* _Task objective_
Copying rule for the data below: pictures stay out, and only the lines from the one with "这块雕刻着希腊神话荷莱女神的" down to the one with "Стенка для гостиной", inclusive, are repeated exactly.

* _Provided records_
****

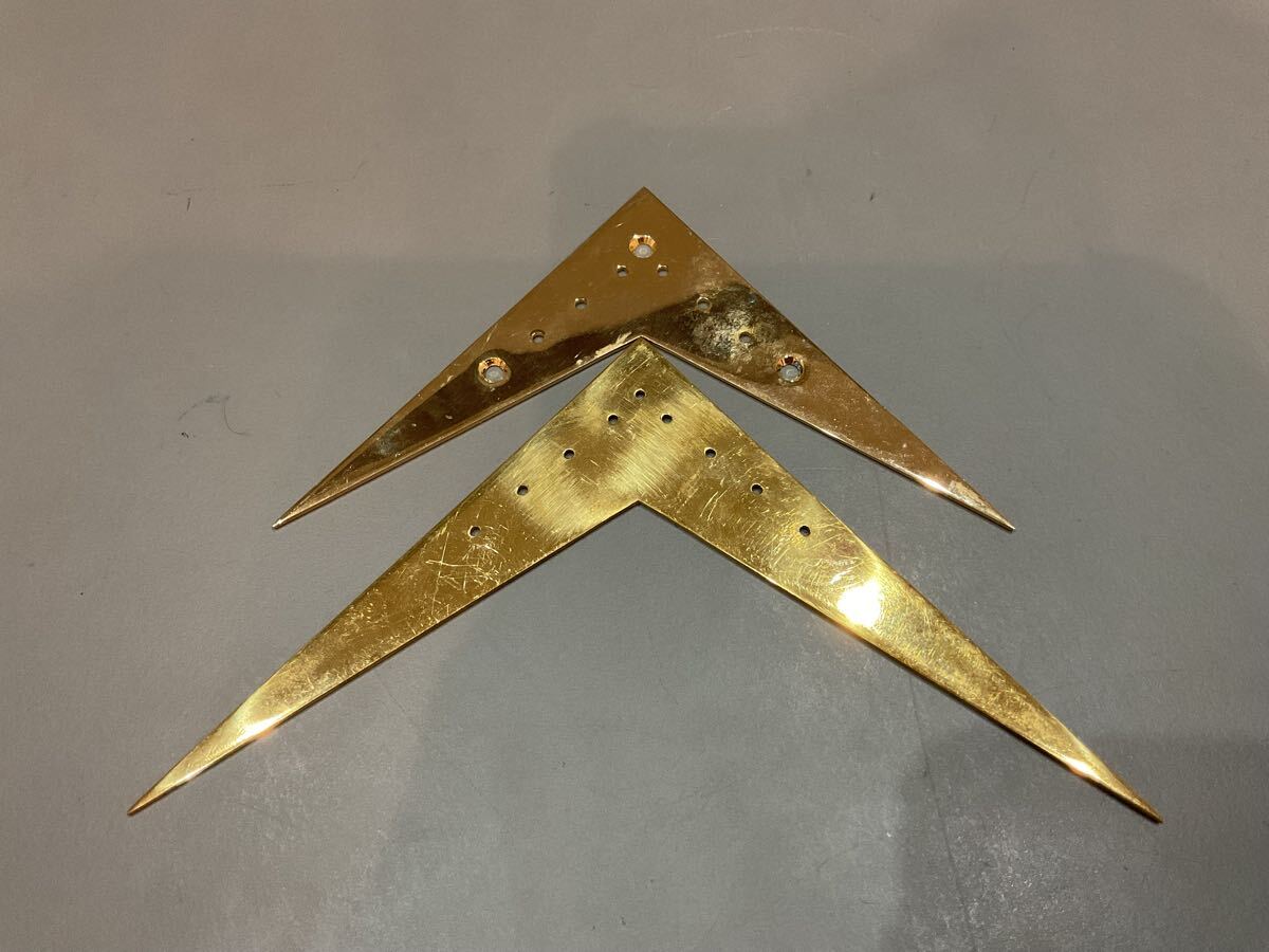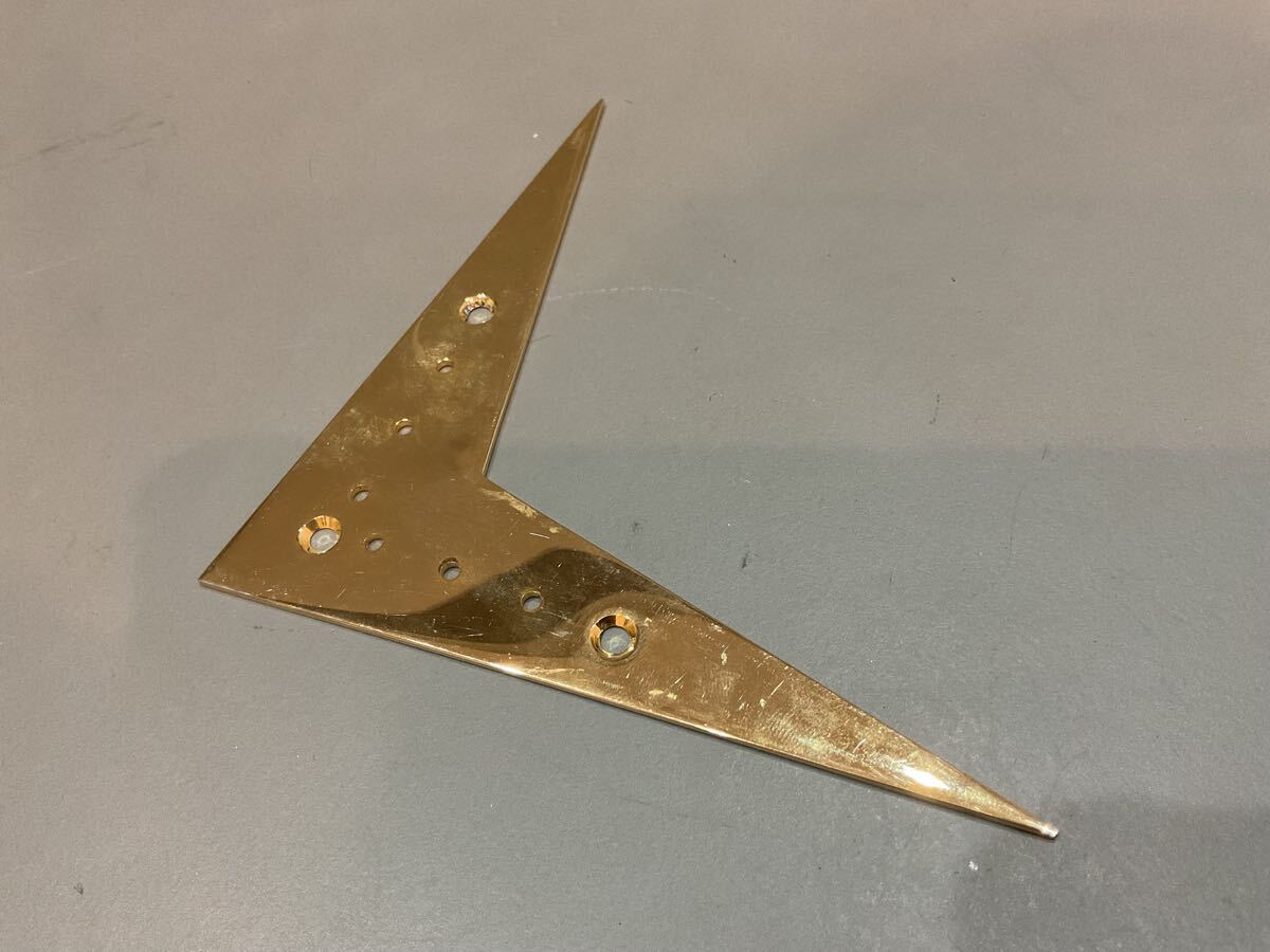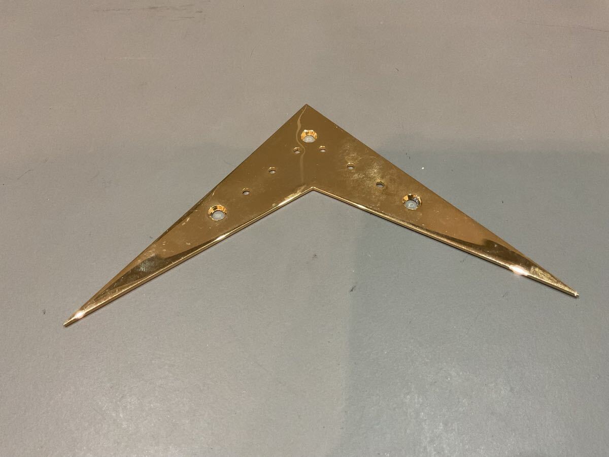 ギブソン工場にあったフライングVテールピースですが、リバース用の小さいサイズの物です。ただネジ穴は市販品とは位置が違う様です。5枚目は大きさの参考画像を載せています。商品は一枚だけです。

****

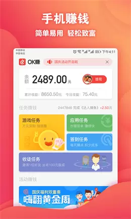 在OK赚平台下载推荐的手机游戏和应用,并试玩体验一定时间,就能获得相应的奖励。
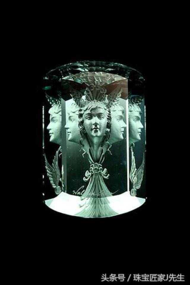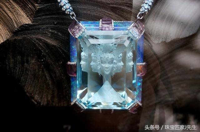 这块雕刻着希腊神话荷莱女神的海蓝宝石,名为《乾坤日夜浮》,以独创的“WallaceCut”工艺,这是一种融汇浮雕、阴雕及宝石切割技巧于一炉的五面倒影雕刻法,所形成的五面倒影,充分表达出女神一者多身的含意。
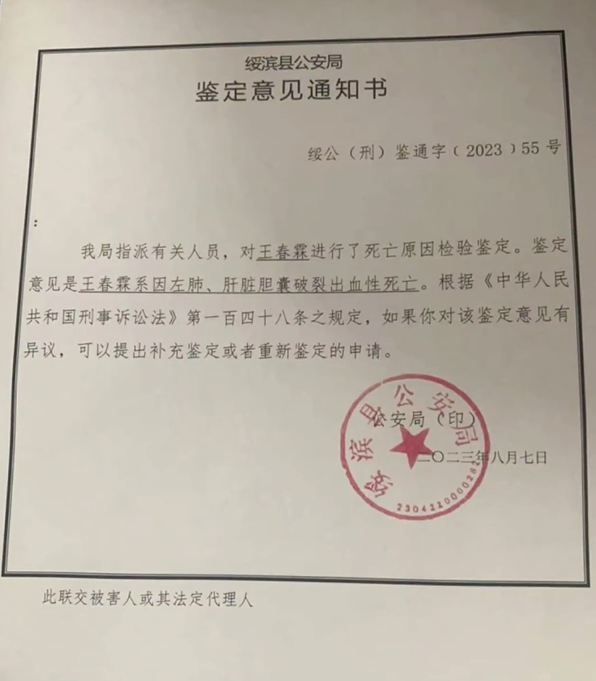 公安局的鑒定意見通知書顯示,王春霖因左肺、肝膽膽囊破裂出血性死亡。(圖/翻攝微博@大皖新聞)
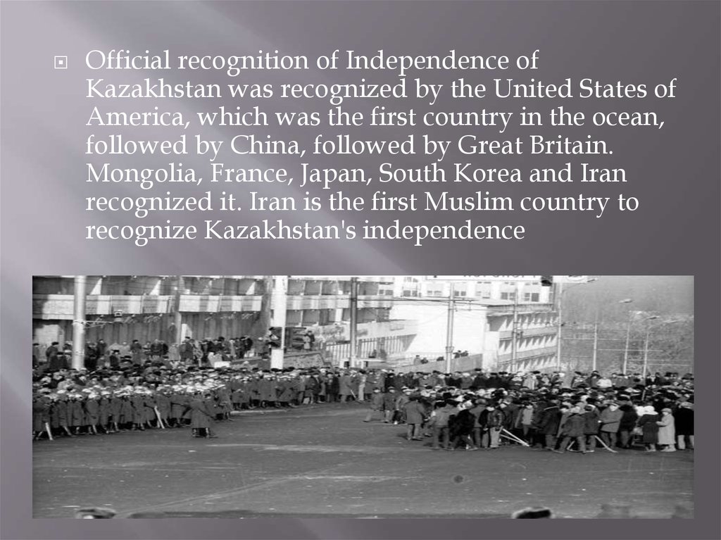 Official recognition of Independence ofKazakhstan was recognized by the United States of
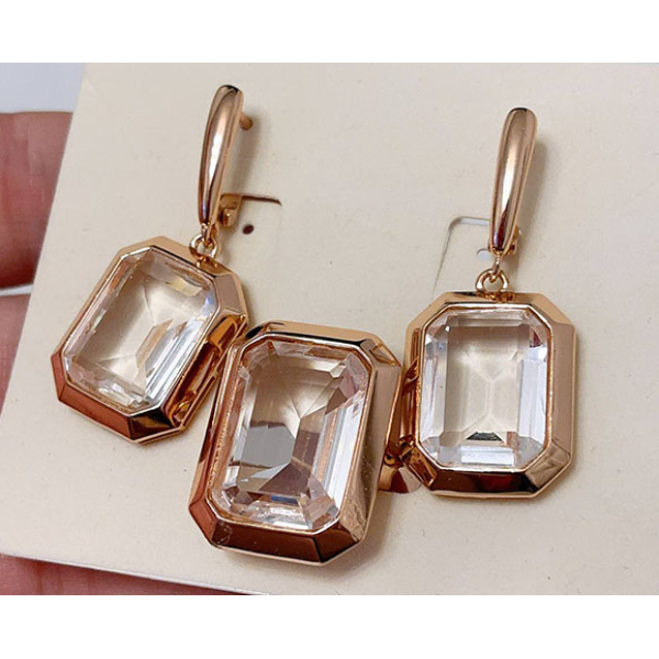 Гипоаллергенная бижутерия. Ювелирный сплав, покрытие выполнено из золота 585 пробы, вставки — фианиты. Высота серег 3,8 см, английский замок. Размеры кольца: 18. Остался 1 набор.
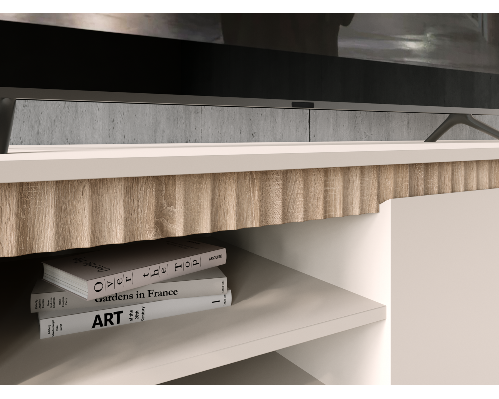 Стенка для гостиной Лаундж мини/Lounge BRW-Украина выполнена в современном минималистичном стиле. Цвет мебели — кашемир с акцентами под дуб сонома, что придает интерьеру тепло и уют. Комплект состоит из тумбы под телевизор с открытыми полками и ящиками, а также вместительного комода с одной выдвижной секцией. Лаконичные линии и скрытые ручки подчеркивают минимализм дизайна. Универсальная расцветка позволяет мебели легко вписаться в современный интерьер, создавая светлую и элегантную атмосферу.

****

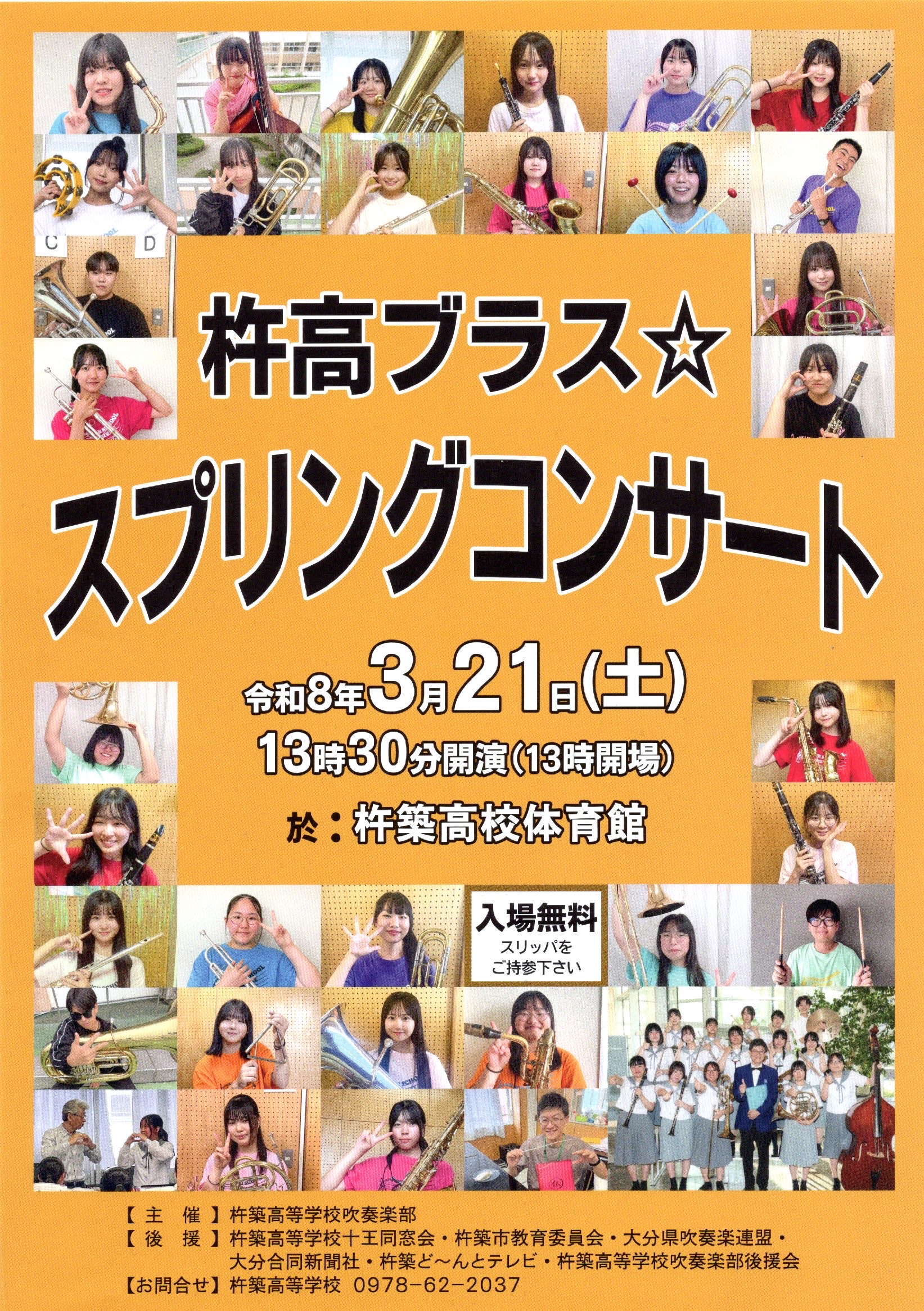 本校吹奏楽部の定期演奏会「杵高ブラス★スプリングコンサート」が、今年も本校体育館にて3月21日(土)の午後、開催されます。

****

* _Response to this task_
 这块雕刻着希腊神话荷莱女神的海蓝宝石,名为《乾坤日夜浮》,以独创的“WallaceCut”工艺,这是一种融汇浮雕、阴雕及宝石切割技巧于一炉的五面倒影雕刻法,所形成的五面倒影,充分表达出女神一者多身的含意。
 公安局的鑒定意見通知書顯示,王春霖因左肺、肝膽膽囊破裂出血性死亡。(圖/翻攝微博@大皖新聞)
 Official recognition of Independence ofKazakhstan was recognized by the United States of
 Гипоаллергенная бижутерия. Ювелирный сплав, покрытие выполнено из золота 585 пробы, вставки — фианиты. Высота серег 3,8 см, английский замок. Размеры кольца: 18. Остался 1 набор.
 Стенка для гостиной Лаундж мини/Lounge BRW-Украина выполнена в современном минималистичном стиле. Цвет мебели — кашемир с акцентами под дуб сонома, что придает интерьеру тепло и уют. Комплект состоит из тумбы под телевизор с открытыми полками и ящиками, а также вместительного комода с одной выдвижной секцией. Лаконичные линии и скрытые ручки подчеркивают минимализм дизайна. Универсальная расцветка позволяет мебели легко вписаться в современный интерьер, создавая светлую и элегантную атмосферу.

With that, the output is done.